## WORK REQUEST
Set down the line containing "観光後は、部屋から海が一望できる「別邸海と森」へ。" and each line after it through the last line of the records, exactly, leaving pictures out.

[TASK INPUT — start]

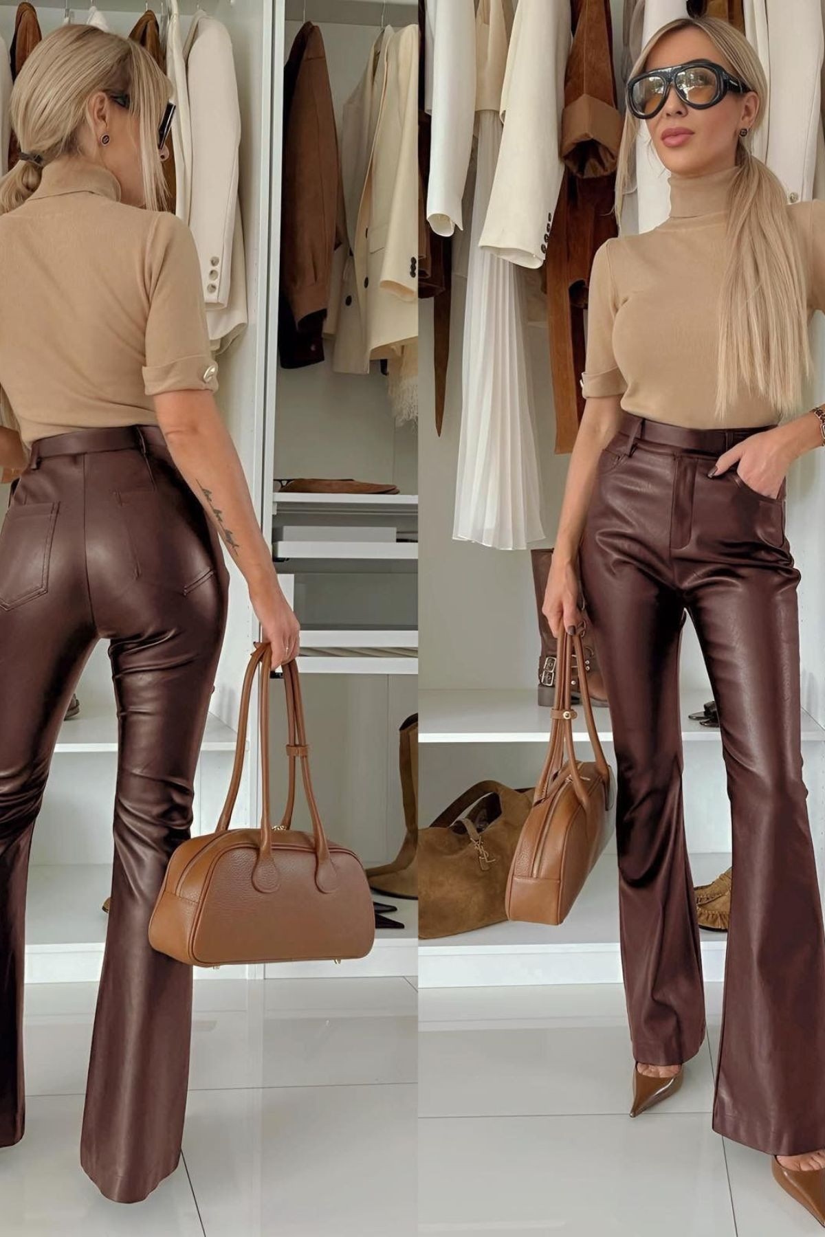 Бъди модерна и уверена с тези елегантни кожени панталони с висока талия и разкроен крачол. 🖤🤎 Подходящи за всеки повод – от офис визия до вечерен излизане. ✨ Налични в кафяв и черен цвят- без колан
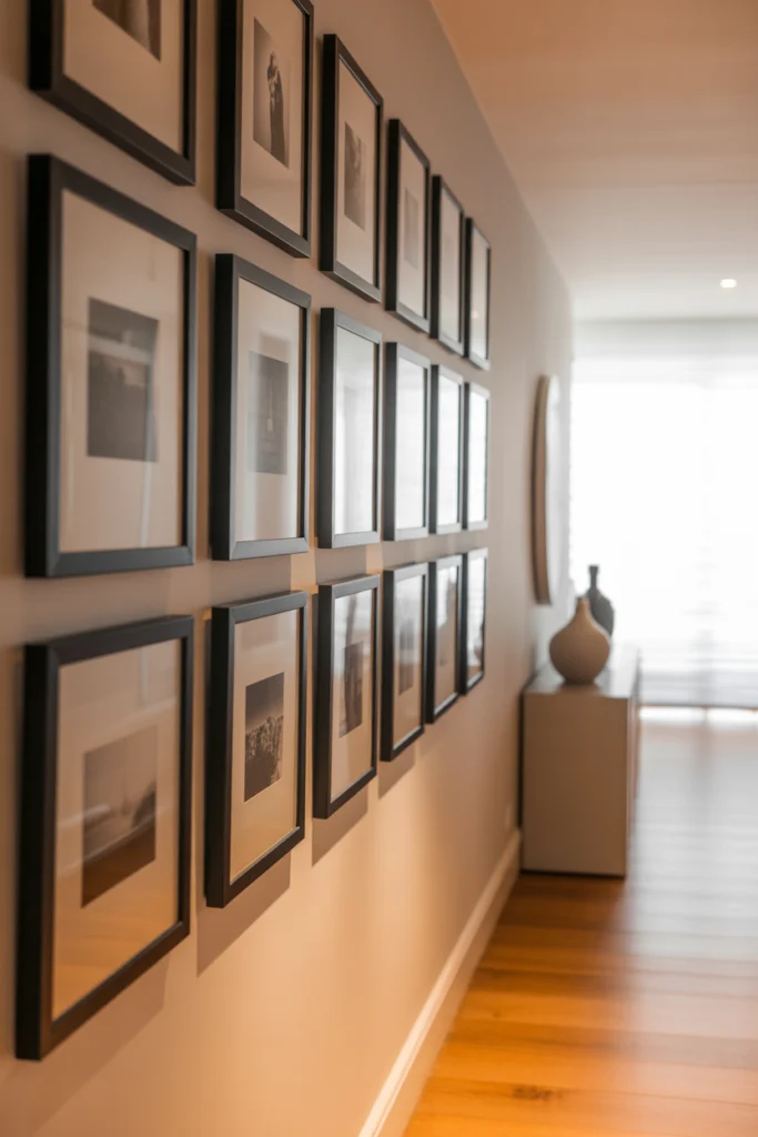 Turn your hallway into an art showcase with a gallery wall. Mix framed prints, family photos, and small art pieces to create a personalized display. Use consistent frame styles or a cohesive color palette for a unified look.
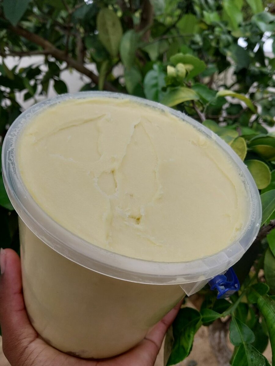 Le très bon Beurre de Karité de Korhogo, il est sans mélange ni mauvaise odeur, et il s'étale très bien sur la peau.
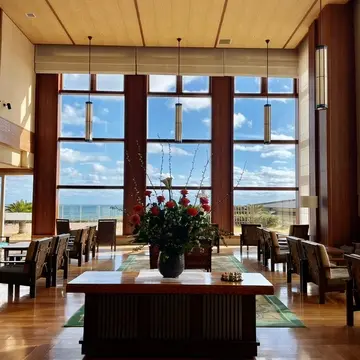 観光後は、部屋から海が一望できる「別邸海と森」へ。
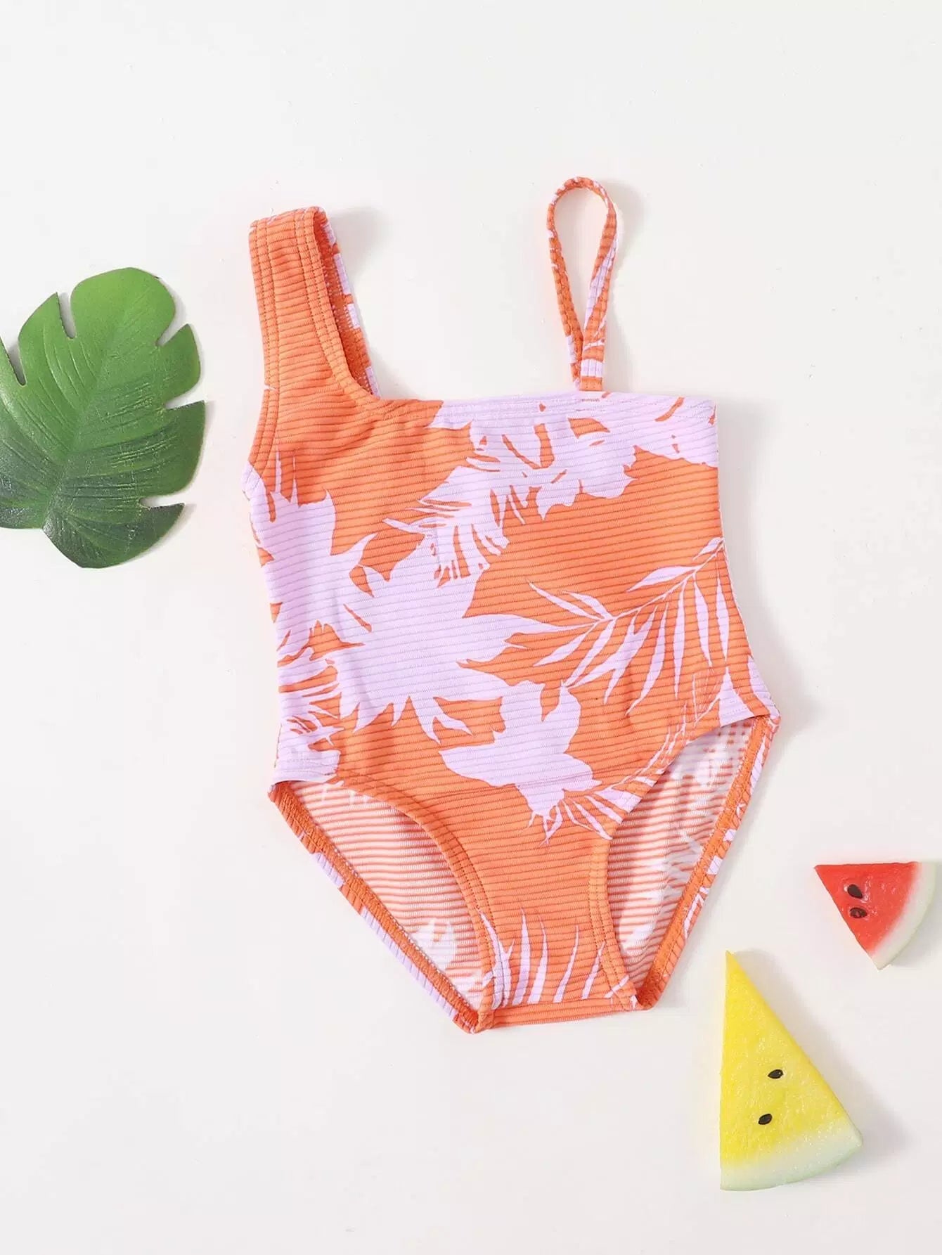 Toddler Girls Leaf Graphic Rib One Piece Swimsuit

[TASK INPUT — finish]

## REPLY TO THE EXERCISE
 観光後は、部屋から海が一望できる「別邸海と森」へ。
 Toddler Girls Leaf Graphic Rib One Piece Swimsuit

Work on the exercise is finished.